I still remember how not that many years ago it was common for people to refer to a data scientist as a “unicorn”. The expectation level was set at a super full-stack engineer/mathematician who could understand all business problems. However, during the past 2 years, as we’ve passed the peak AI/ML hype, we’ve witnessed the rapid rise of the data engineer.
Dice’s 2020 tech jobs report cites data engineering as the fastest-growing job in tech in 2020, increasing by a staggering 50%.
But this “unicorn data scientist” expectation still continues to live strong in many circles. Here’s a great article by Chip Huyen about the topic. It’s one of the best takes on this pain point that I’ve seen in a long while. We need defined roles and realistic expectations, otherwise, we’ll be disappointed in project outcomes.
You can rest assured that the influx of data engineering will not regress anytime soon. This is something that we’re witnessing every day at Validio.
The rise and evolution of the data engineer
But let’s get back to the fastest-growing job in tech: data engineering.
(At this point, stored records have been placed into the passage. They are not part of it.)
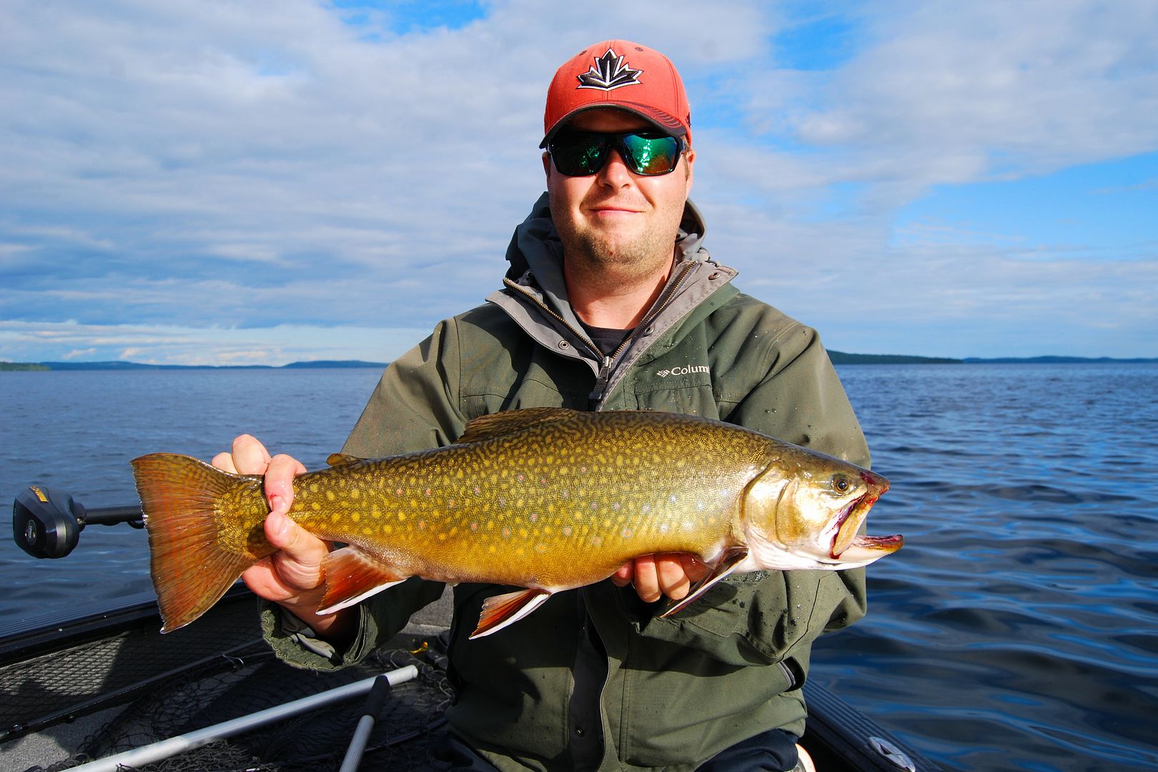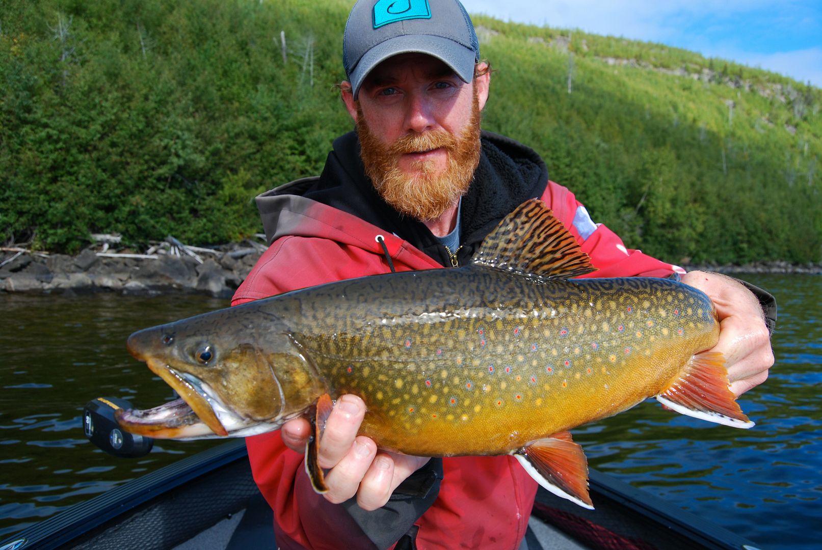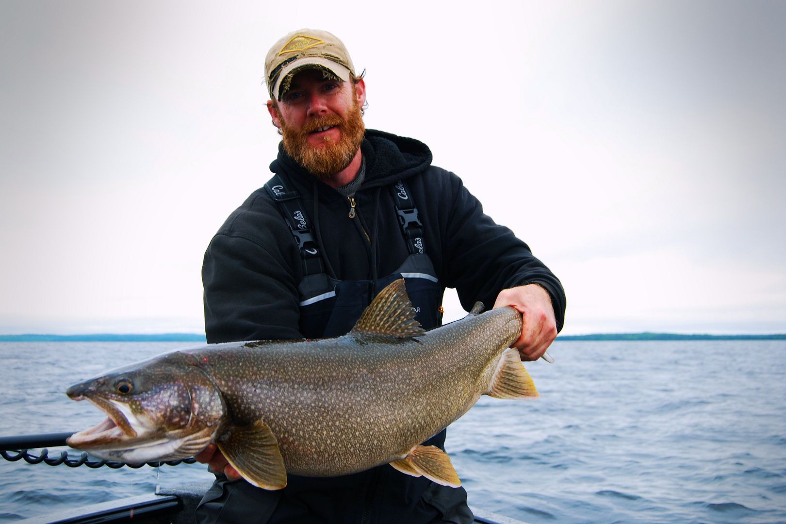 Damp but dry come morn the winds overnight switched 180 and laid down. Drifting outside of camp I didn’t notice the boat slide into shallow rocks before it was too late, the skeg took a little bump. We decided to start on lakers and when I found a dime on the floor I said to Stevie, “first fish, call it.” He won the toss and kindly offered me the first.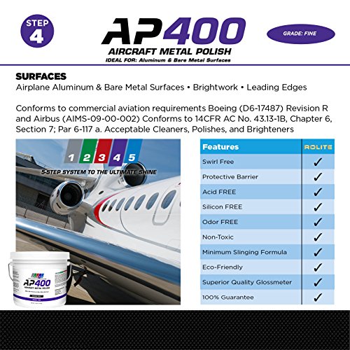 ReleaseDate : 2017-09-20 Studio : Rolite Company Publisher : Rolite Company Binding : Misc. Product Description AP400 Aircraft Metal Polish Step 4 of the AP 5,Step System To The Ultimate Shine Directions: Some settling may occur during shipping, stir before using For best results, apply 1 teaspoon of AP400 Aircraft Metal Polish to Aluminum (Clad or Mil grade) and bare metal surfaces with a clean, dry microfiber cloth ? do not use water When using an electric buffer, use a clean, soft, free of dust buffing pad Work one 4,5 sq ft section at a time Apply as needed For maximum shine, buff off immediately while AP400 Aircraft Metal Polish is still moist ? do not let dry Minimum slinging formula Product sold by weight not volume Follow up with AP500 Aircraft Metal Polish For best results, use this product as part of the AP 5,step system The 5,step system works synergistically to provide ultimate shine and protection 0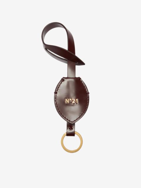 Logo keychain made of brown leather with a glossy finish. It features an oval-shaped structure with prominent stitching along the edges and a gold-tone metal ring to secure keys. The design includes a metal detail with the N°21 logo positioned in the center of the oval. The leather strap allows for easy grip and carrying. DETAILS Color: Bordeaux External composition: 100% CALF LEATHER Product Code: 25IBP0991SZ01R005 Made in Italy SIZE AND VESTIBILITY Dimensions: 26x4.5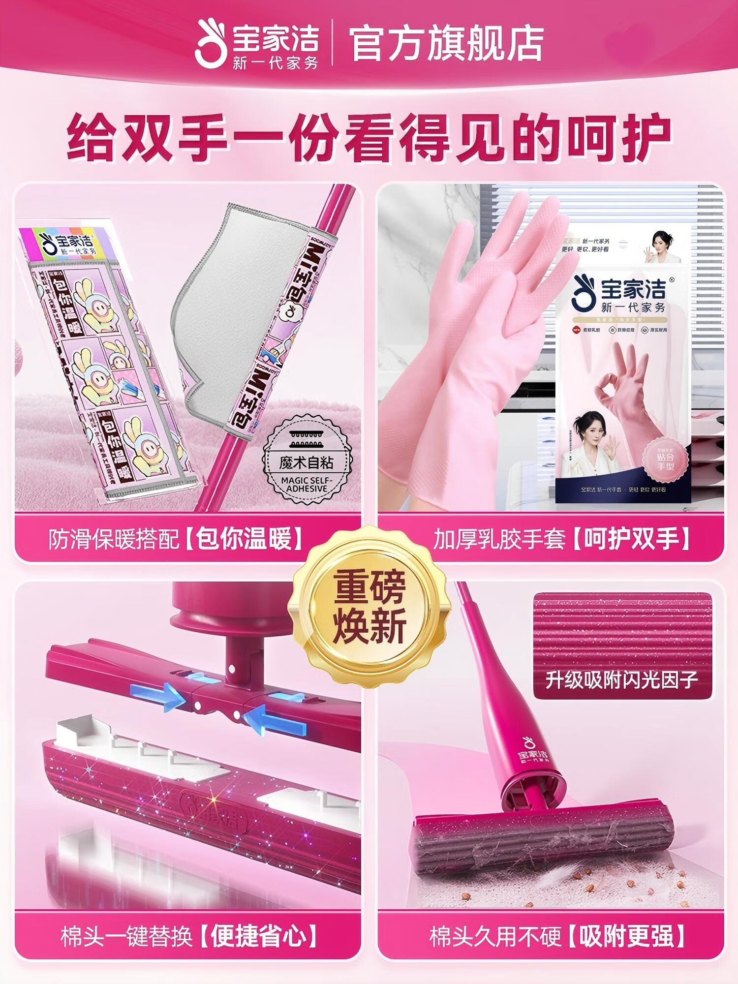 宝家洁【杨幂同款】胶棉拖把吸水海绵对折拖把一拖净免手洗2025礼盒 杨幂同款【冬日限定宝幂礼盒+桌面小拖把】+限量周边

It was in the early 2010s — almost exactly 10 years back — that the then-nascent term “data engineering” started to pop up in modern highly data-driven scaleups and fast-growing tech companies such as Facebook, Netflix, LinkedIn and Airbnb. As these companies harnessed massive amounts of real-time data that could provide high business value, software engineers at these companies had to develop tools, platforms and frameworks to manage all this data with speed, scalability and reliability. From this, the data engineer job started evolving to a role that transitioned away from using traditional ETL tooling to developing their own tooling to manage the increasing data volumes.
As big data evolved from a much-hyped boardroom buzzword to actually becoming reality, data engineering evolved in tandem to describe a type of software engineer who was obsessed about data; from data infrastructure to data warehousing, data modeling, data wrangling, and much more.
As Matt Turck notes in the latest Machine Learning, AI and Data Landscape analysis:
"Today, cloud data warehouses (Snowflake, Amazon Redshift and Google BigQuery) and lakehouses (Databricks) provide the ability to store massive amounts of data in a way that’s useful, not completely cost-prohibitive and doesn’t require an army of very technical people to maintain. In other words, after all these years, it is now finally possible to store and process Big Data."
The cloud has grown into something very powerful when it comes to harnessing data. As noted by Zach Wilson: a lot of data engineering tasks that were cumbersome in the Hadoop world are simpler to do with tools like Snowflake or BigQuery. They allow you to do what took hundreds of lines of Java in dozens of lines of SQL.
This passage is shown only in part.